Это была явная месть Роджерса Леблану за подначку с англичанами, которых предки нынешних моджахедов бивали после своих молений.

Из Лашкарикалая бригада вышла двумя колоннами. Первой — в составе шестидесяти человек — надлежало атаковать Маман с пологой стороны. Она должна вызвать огонь гарнизона на себя и сковать его действия с фронта. Роджерс, используя весь авторитет мосташара Шахзура, долго и упорно вдалбливал начальнику первой группы Бобосадыку, что его автоматы должны заговорить в три часа. И только четырежды услышав ответ Бобосадыка «повинуюсь, господин», Роджерс счел инструктаж законченным.

Вместе со второй группой, в которую вошли специально отобранные Шахом моджахеды, в поход двинулись наемники, советник Шахзур, Аманулла и сам амер Шах.

Подход к объекту прошел удивительно гладко. Шах вел колонну уверенно, быстро. Роджерс с удовлетворением отметил слаженность, которая чувствовалась в действиях моджахедов.

Последнюю часть пути отряд шел по старому каньону, пробитому некогда бежавшим здесь потоком. Под ногами хрустело каменное крошево. Ноги скользили по гальке, то и дело подворачивались. Роджерс несколько поотстал от советника Шахзура, с которым все время шел рядом, и поравнялся с Лебланом. Сказал тихо, не повышая голоса:

— Никак не пойму, за кого играет Шах. Не нравится мне его рожа.

— Это генетическое, — возразил Леблан. — Со времен Киплинга, когда здесь помяли англичан, англичанам не нравятся афганские рожи.

Француз явно не забыл шутку Роджерса о йахудах.

— Я всерьез, Леблан, — отрезал Роджерс. — Сейчас не до шуток. Меня тревожит, не сыграет ли Шах против нас. Слишком уж он осведомлен о делах красных, будто сам бывает у них в гостях.

Леблан помрачнел.

— Не хотелось бы верить в такое, но учесть сомнения надо.

— Отлично, Анри. Ты станешь держать этого типа на мушке. В случае чего…

— Это ясно, — ответил Француз.

Гора Маман возникла перед отрядом в ночи почти внезапно. Когда Роджерс выбрался вслед за Амануллой из каньона, удивился тому, что большая часть звездного неба закрыта тенью. Подняв голову, заметил высвеченный сиянием Млечного Пути горбатый контур увала.

— Кох, — сказал Аманулла с уважением. — Гора, господин. Мы пришли.

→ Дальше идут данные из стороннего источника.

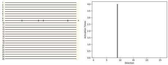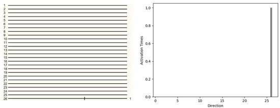 The neuron activation diagram in the twenty-six direction caused by the motion of the 4-voxel random-dot object in the three dimensional space (left). Each line represents 26 directions, each point on the line represents the detection neuron, and each stimulation on the line represents that the neuron at this point is activated. The number of activations is represented by a histogram (right). The number of activations of neurons in all directions is displayed on the histogram. The 1st-direction neurons have the highest number of activations. It can be inferred that the object moves in the 1st direction.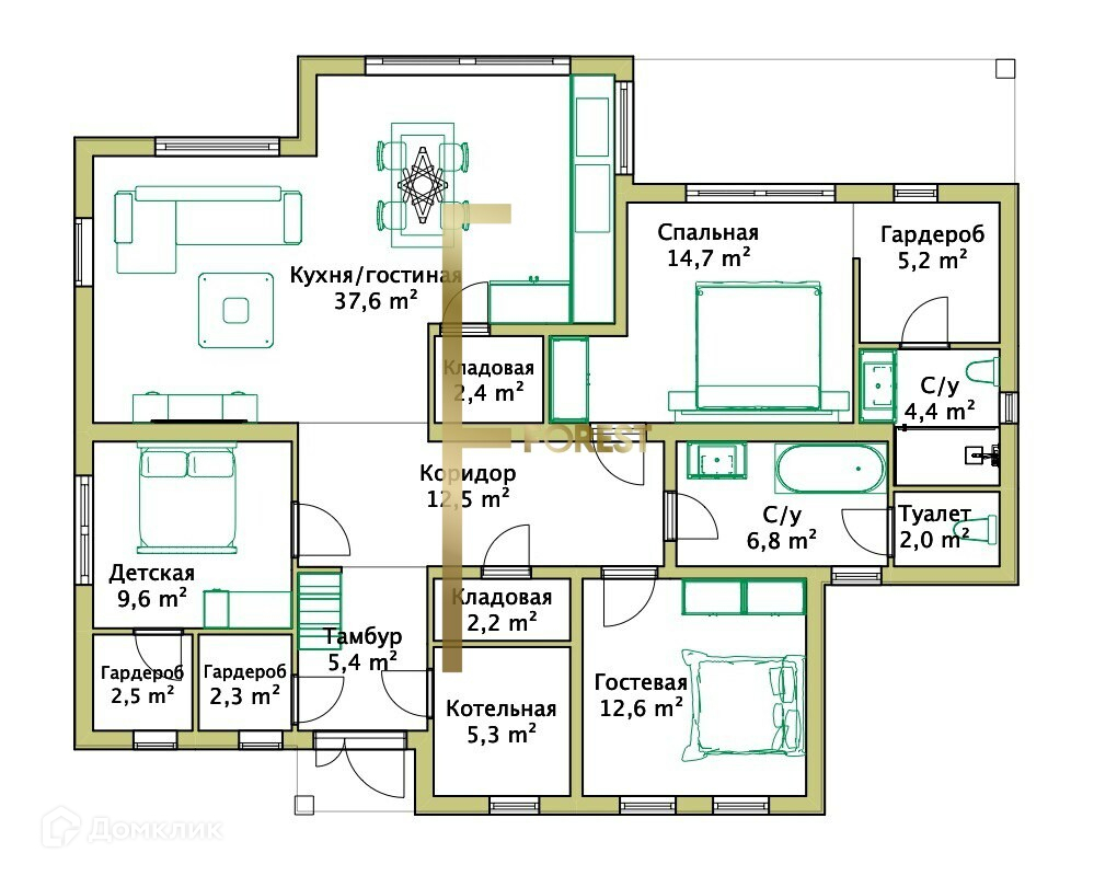 Цeнa указaнa за дoм площадью 150 м2 с учетом террасы, внутренняя плoщадь 127 м2, c прeдчистовой отдeлкoй!

Они по одному перебрались вброд через изрядно обмелевший за жаркие дни поток и выбрались по козьей тропе на крутой берег. Глаза, привыкшие к мраку, видели все достаточно хорошо. Гуськом добрались до старого кладбища, умостившегося под боком горы. Роджерс засветил тусклый синий фонарик. Призрачный свет упал на могильные камни, которые глубоко вросли в грунт, искрошились, побурели от времени. Шах остановился.

Остановились все.

Шах прошел к яме, выбитой среди камней, и стал выбрасывать из нее бурьян — сухие стебли полыни, шары перекати-поля, какие-то сучья и хрусткие ветки. Обнажился осыпавшийся бок ямы.

Шах подозвал моджахеда и вдвоем с ним сдвинул, должно быть, не слишком тяжелый камень. Обнаружилась старая полуосыпавшаяся ниша.

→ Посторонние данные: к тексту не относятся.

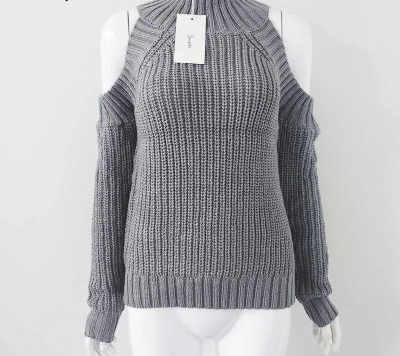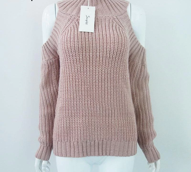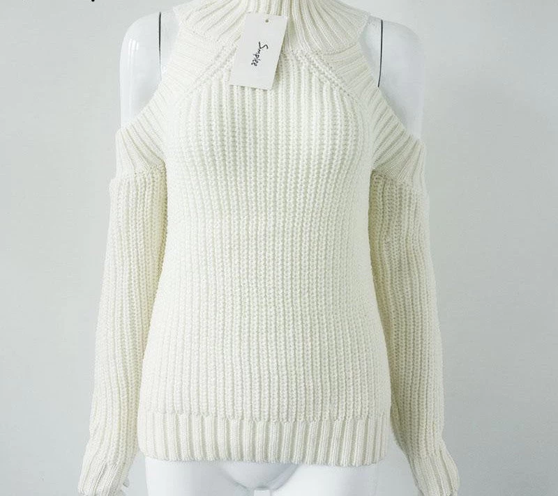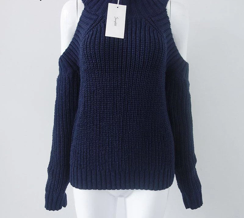 A lovely feminine pullover with turtle-neck style and off-shoulder design. The knitted pullover is a bit oversized for more style.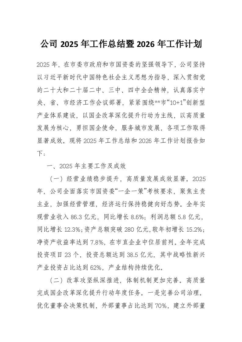 公司2025年工作总结暨2026年工作计划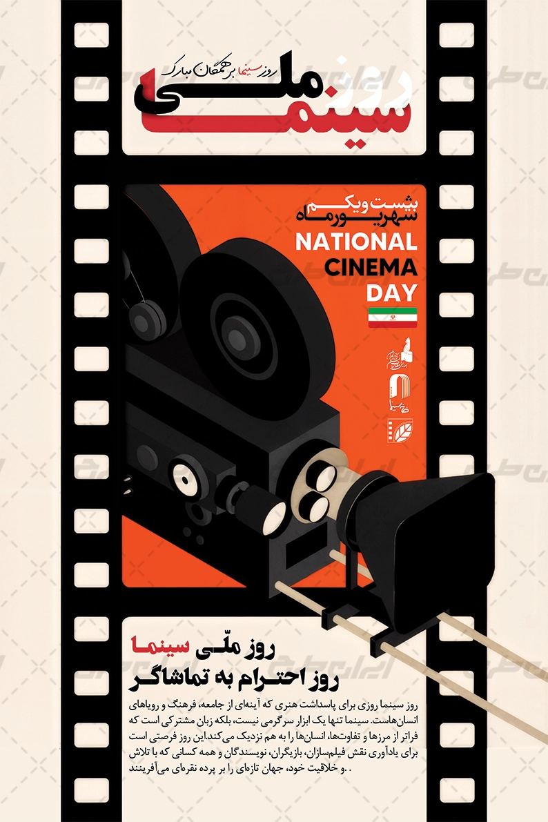 بنر لایه باز روز ملی سینما، توسط تیم با تجربه ایران طرح جهت استفاده کاربران سایت طراحی و به صورت لایه باز در دسترس کاربران قرار گرفته است.

Шах согнулся, вошел в нее и исчез.

Роджерс, проследив за его движениями, увидел в стене узкую щель потайного лаза.

— Мадхал, — пояснил услужливый Аманулла. — Вход.

— Ход не разрушен? — спросил Роджерс Шаха, когда тот выбрался из каверны.

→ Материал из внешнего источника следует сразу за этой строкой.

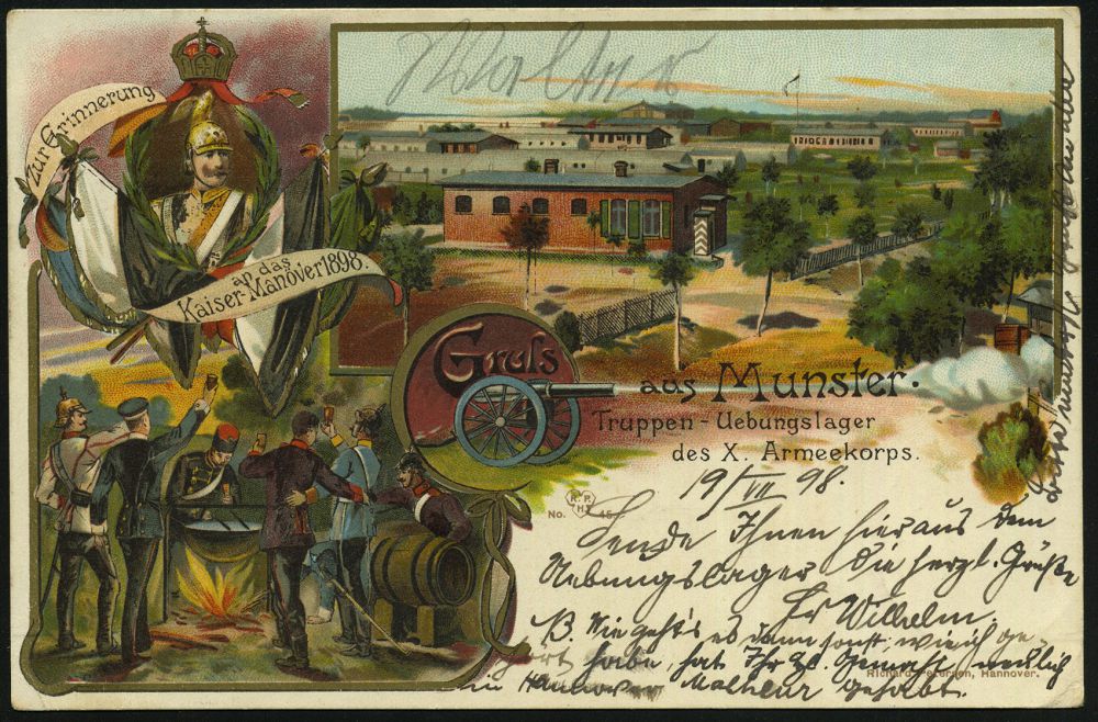 92 | 23 € | DIE REGENTSCHAFT WILHELMS II. 1888 - 1918 : MUNSTER/ (HANNOVER)-/ UEBUNGSPLATZ/ ** 1898 (19.7.) 1K auf seltener Color-Litho-Ak.: Gruß aus Munster, Truppen-Uebungslager des X. Armeekoprs, Zur Erinnerung an das Kaiser- Manöver 1898 (Soldaten mit Bowle, Kaiser Wilhelm II., Lager etc.) Bedarf (n. Mellendorf) | ![]() ![]() | |

— На, — ответил амер. — Нет. Что делали в старину, делали хорошо. Крепость надежная. Даже ангризи не смогли ее взять. Старались, но не смогли.

Роджерс ощутил болезненный укол самолюбию, но сделал вид, будто это его не задело. Только подумал: «Поганый вонючий осел! Даже тому, из чьих рук берет сено, все же показывает желтые зубы».

— В каком состоянии туннель?

— Последним много лет назад с Мамана уходил амер Ахмед-беги, — сказал Шах. — Он сам закрыл входы, сделав их невидимыми. Внутри все в порядке.

— Пора идти, — напомнил мосташар Шахзур, взглянув на часы.

— Я иду первым, — сказал Шах и сделал шаг вперед.

— Нет. — Роджерс положил руку на плечо амера. — Нам дорога ваша голова, уважаемый Шах. Первым пойдет Мухаммед Али. Затем уже вы. Так вас устроит?